*** INFORMATION SUPPLIED Section Begins ***

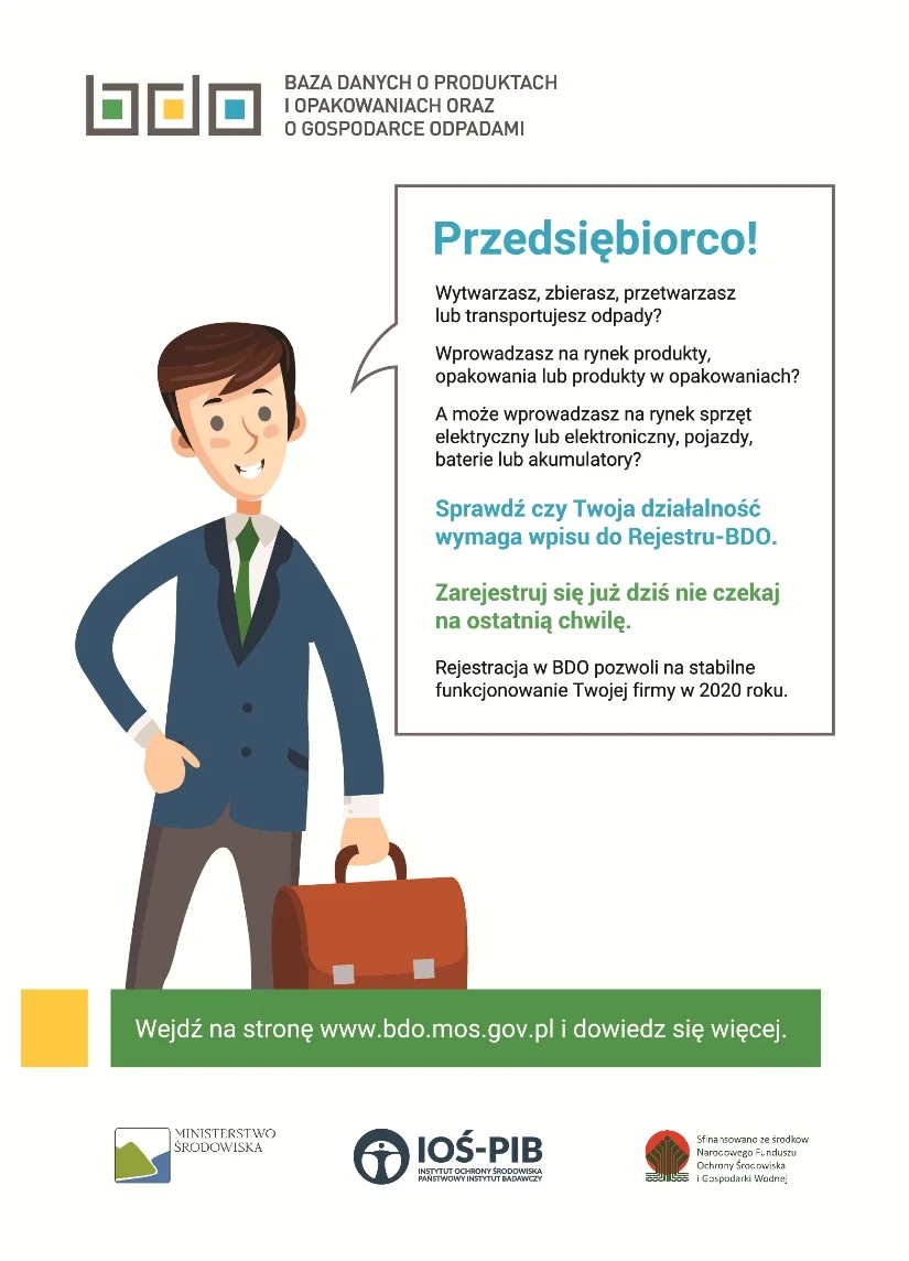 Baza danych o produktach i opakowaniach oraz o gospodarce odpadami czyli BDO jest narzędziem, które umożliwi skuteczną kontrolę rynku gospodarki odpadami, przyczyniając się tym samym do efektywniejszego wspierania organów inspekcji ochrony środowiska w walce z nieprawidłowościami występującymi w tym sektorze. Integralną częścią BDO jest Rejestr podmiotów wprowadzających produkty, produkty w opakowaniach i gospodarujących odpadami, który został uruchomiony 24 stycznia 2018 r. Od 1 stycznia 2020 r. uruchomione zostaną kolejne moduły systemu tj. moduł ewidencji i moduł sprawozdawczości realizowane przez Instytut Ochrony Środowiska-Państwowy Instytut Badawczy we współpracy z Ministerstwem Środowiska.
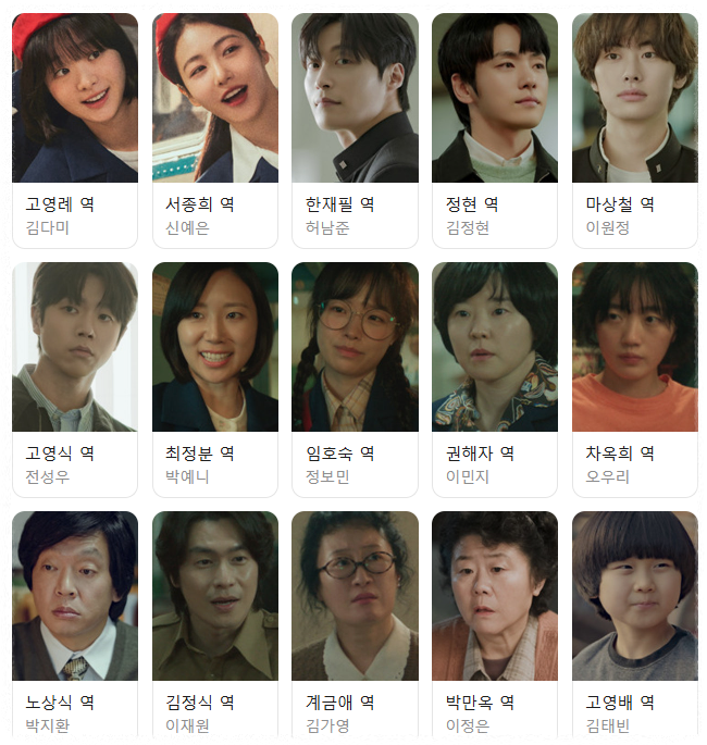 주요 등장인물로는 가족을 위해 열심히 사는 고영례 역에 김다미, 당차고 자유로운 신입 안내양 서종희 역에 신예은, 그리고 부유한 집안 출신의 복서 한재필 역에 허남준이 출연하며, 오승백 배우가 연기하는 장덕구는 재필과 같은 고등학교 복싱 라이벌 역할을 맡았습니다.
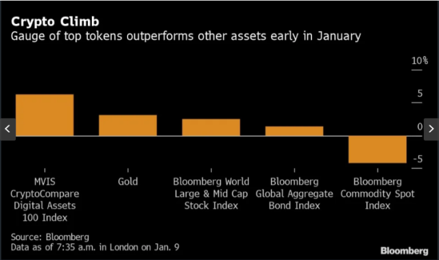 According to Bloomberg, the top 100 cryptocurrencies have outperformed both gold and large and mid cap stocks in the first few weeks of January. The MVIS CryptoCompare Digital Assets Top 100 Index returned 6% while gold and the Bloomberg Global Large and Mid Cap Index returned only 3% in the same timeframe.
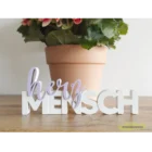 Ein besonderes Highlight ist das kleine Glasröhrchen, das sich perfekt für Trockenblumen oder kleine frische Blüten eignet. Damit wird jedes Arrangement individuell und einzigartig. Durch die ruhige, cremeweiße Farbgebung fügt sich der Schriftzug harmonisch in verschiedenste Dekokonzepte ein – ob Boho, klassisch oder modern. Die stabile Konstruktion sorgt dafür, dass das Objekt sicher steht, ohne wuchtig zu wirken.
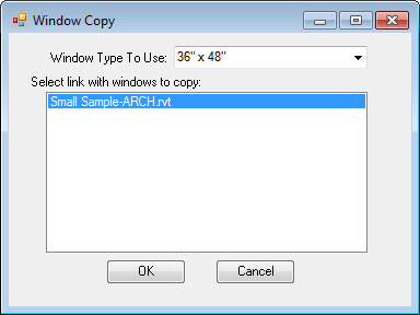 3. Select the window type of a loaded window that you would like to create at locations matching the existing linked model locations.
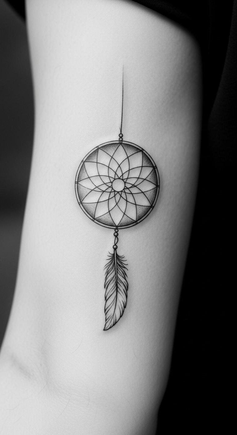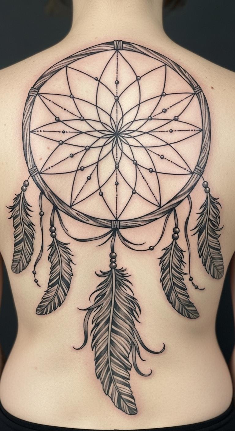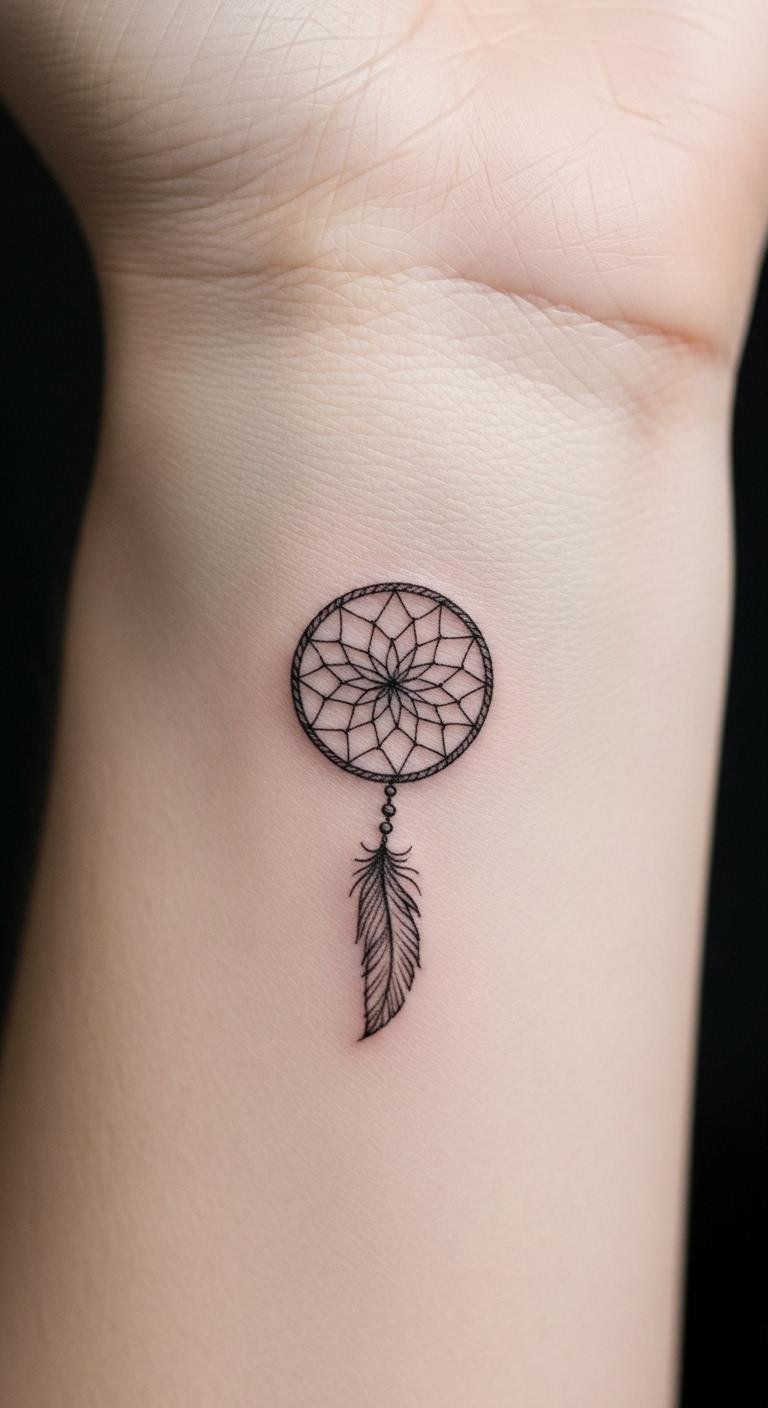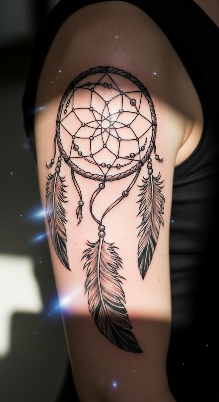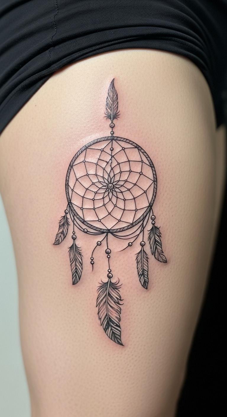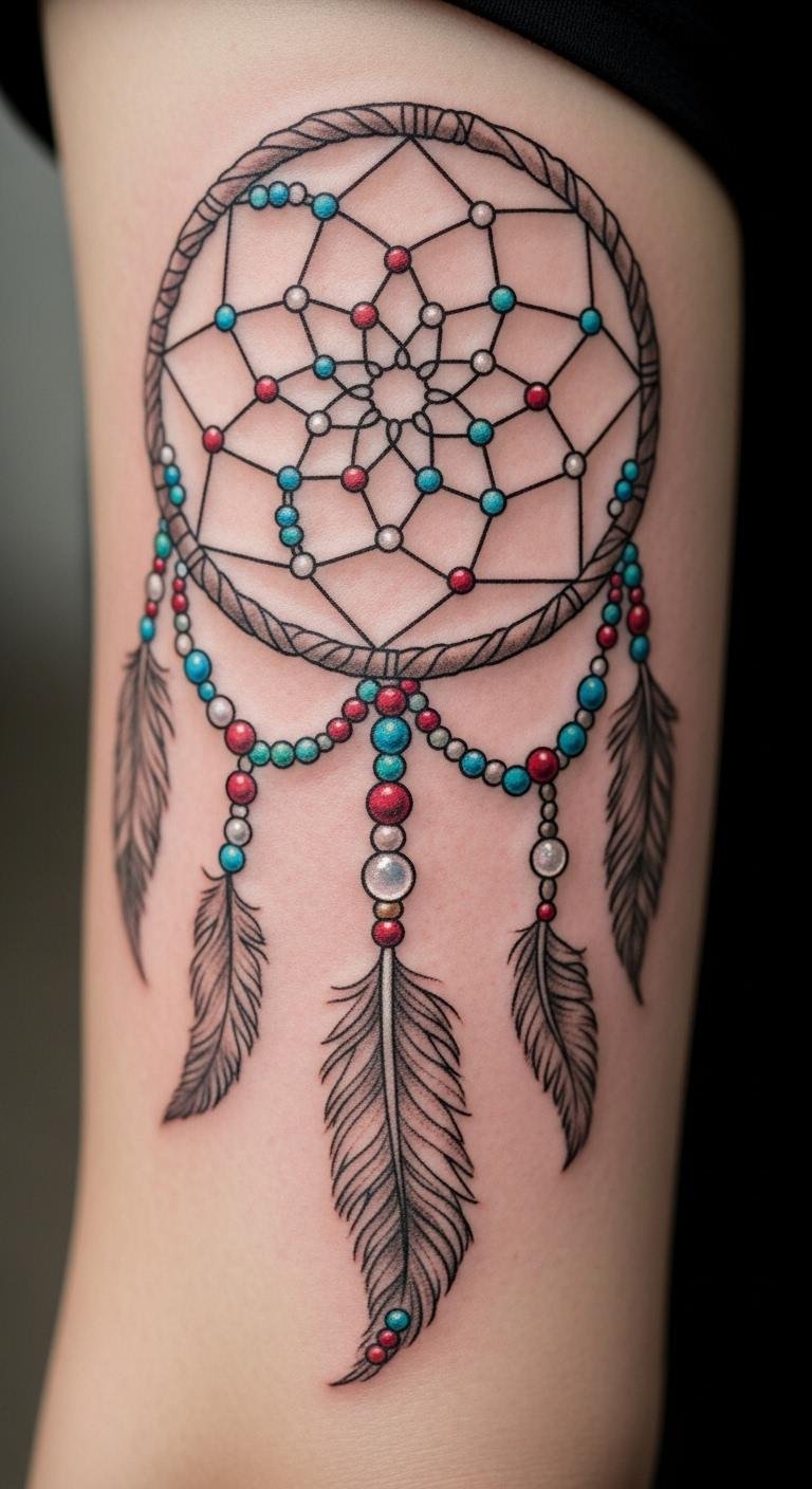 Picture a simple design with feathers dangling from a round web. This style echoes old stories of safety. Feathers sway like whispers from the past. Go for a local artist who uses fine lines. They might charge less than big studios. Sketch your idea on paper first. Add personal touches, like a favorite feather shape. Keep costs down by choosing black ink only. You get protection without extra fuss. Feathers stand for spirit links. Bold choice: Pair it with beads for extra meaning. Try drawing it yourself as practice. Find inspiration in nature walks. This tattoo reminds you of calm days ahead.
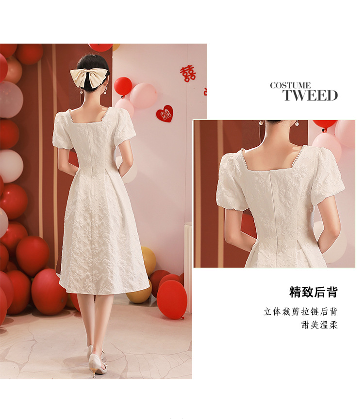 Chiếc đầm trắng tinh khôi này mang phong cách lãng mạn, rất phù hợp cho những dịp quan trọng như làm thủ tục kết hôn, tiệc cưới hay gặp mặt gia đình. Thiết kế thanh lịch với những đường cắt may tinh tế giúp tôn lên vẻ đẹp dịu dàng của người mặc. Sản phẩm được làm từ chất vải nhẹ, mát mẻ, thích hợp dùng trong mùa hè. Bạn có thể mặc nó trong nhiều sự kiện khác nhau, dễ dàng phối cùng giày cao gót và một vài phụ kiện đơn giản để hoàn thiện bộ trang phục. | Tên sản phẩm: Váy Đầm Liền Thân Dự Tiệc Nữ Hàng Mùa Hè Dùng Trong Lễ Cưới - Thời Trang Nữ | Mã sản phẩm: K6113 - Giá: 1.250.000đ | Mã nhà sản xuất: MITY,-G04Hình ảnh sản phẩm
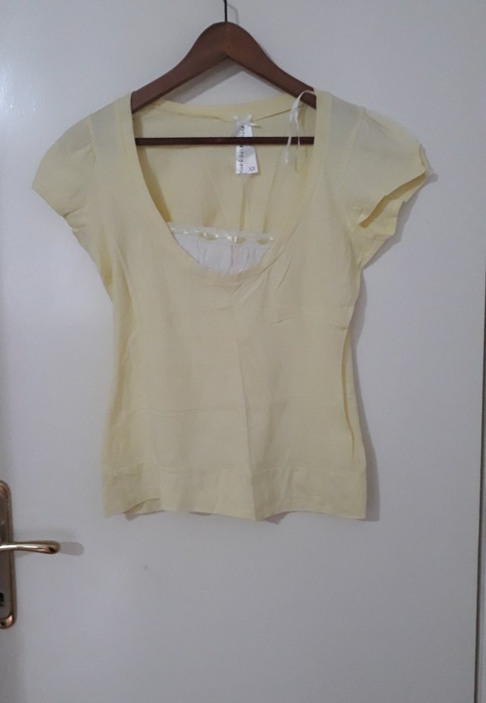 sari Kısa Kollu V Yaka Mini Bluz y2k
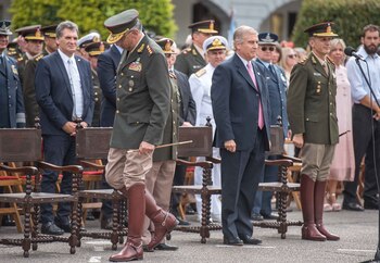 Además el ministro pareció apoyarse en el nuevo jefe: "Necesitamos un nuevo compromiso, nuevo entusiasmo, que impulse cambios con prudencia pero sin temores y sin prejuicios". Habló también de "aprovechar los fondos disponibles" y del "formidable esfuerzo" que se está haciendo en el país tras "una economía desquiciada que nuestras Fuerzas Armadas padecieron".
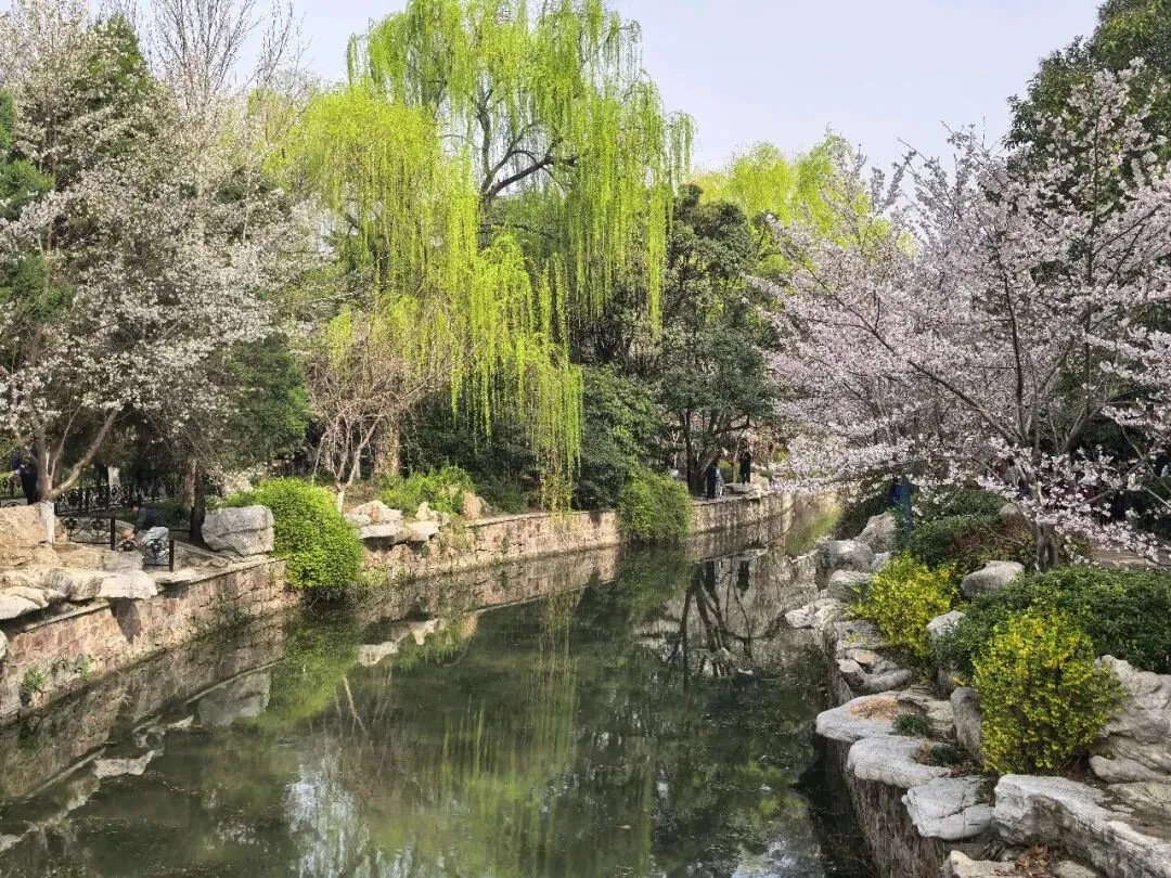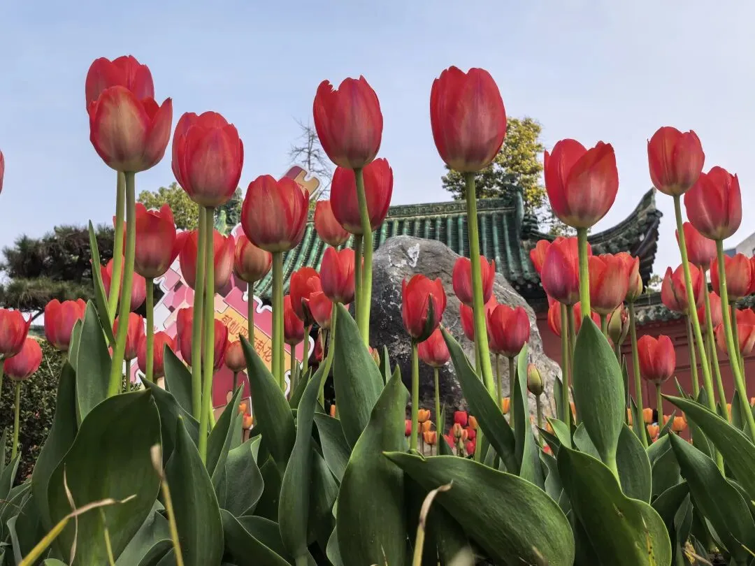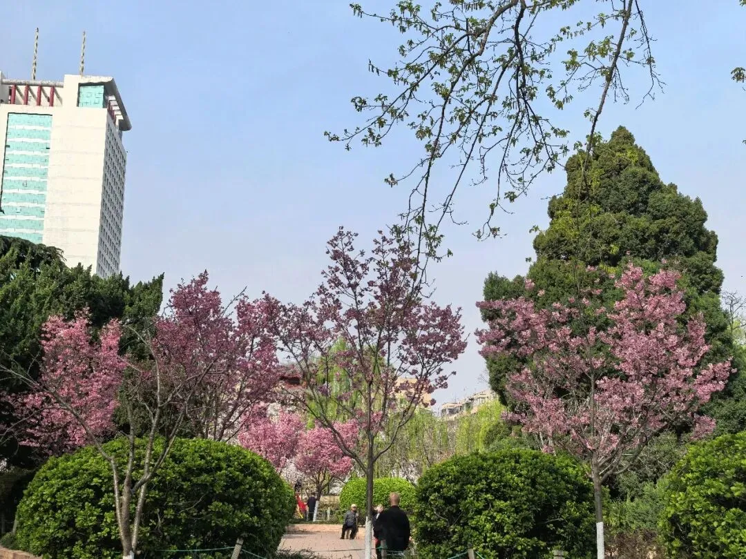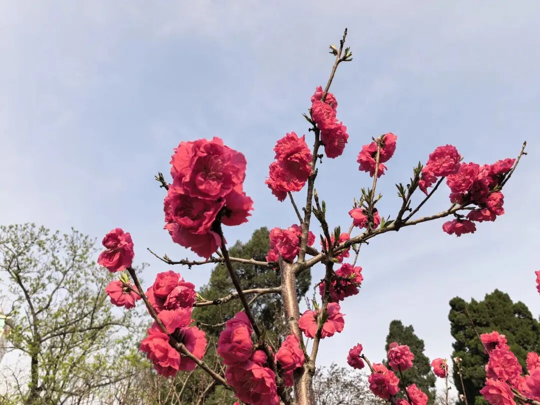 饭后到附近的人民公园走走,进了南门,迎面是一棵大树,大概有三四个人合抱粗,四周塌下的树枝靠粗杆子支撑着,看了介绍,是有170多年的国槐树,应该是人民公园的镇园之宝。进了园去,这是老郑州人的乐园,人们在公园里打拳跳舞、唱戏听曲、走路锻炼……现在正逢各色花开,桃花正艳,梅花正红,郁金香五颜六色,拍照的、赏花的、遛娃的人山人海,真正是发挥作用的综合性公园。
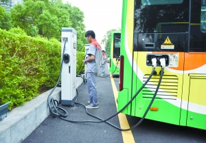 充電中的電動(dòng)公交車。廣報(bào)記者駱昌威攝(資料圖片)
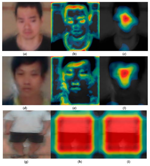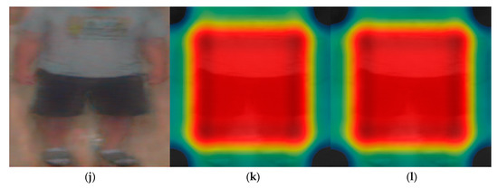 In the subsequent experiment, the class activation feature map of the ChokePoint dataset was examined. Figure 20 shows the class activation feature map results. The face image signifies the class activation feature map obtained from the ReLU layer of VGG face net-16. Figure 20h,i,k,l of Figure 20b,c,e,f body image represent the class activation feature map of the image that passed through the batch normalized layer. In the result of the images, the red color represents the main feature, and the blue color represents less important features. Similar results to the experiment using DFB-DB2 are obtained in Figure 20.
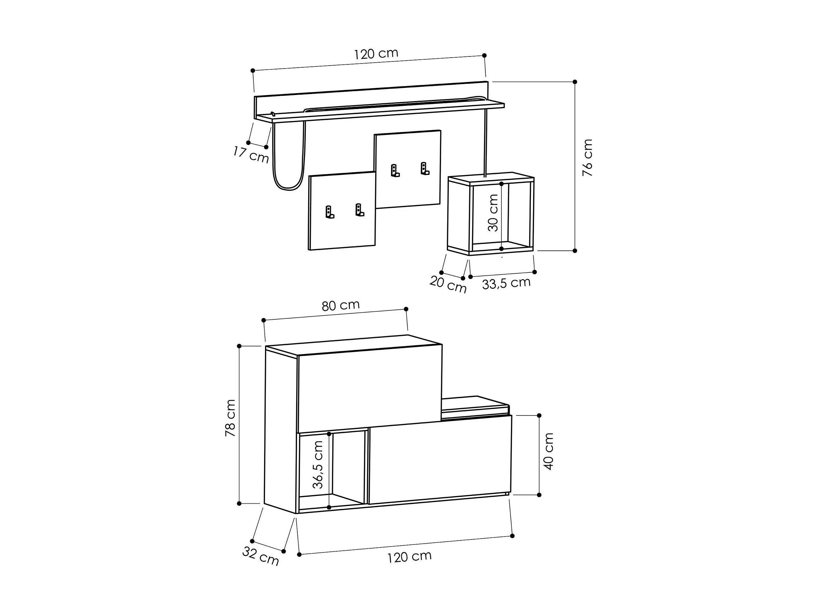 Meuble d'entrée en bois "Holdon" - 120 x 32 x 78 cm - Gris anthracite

*** INFORMATION SUPPLIED Section Ends ***

◆ TRY IT:
Starting at the line above that holds "According to Bloomberg, the", repeat every line exactly down to and including the line that holds "Picture a simple", then stop. Do not carry over any pictures.

◆ RESPONSE FOR THIS EXERCISE:
 According to Bloomberg, the top 100 cryptocurrencies have outperformed both gold and large and mid cap stocks in the first few weeks of January. The MVIS CryptoCompare Digital Assets Top 100 Index returned 6% while gold and the Bloomberg Global Large and Mid Cap Index returned only 3% in the same timeframe.
 Ein besonderes Highlight ist das kleine Glasröhrchen, das sich perfekt für Trockenblumen oder kleine frische Blüten eignet. Damit wird jedes Arrangement individuell und einzigartig. Durch die ruhige, cremeweiße Farbgebung fügt sich der Schriftzug harmonisch in verschiedenste Dekokonzepte ein – ob Boho, klassisch oder modern. Die stabile Konstruktion sorgt dafür, dass das Objekt sicher steht, ohne wuchtig zu wirken.
 3. Select the window type of a loaded window that you would like to create at locations matching the existing linked model locations.
 Picture a simple design with feathers dangling from a round web. This style echoes old stories of safety. Feathers sway like whispers from the past. Go for a local artist who uses fine lines. They might charge less than big studios. Sketch your idea on paper first. Add personal touches, like a favorite feather shape. Keep costs down by choosing black ink only. You get protection without extra fuss. Feathers stand for spirit links. Bold choice: Pair it with beads for extra meaning. Try drawing it yourself as practice. Find inspiration in nature walks. This tattoo reminds you of calm days ahead.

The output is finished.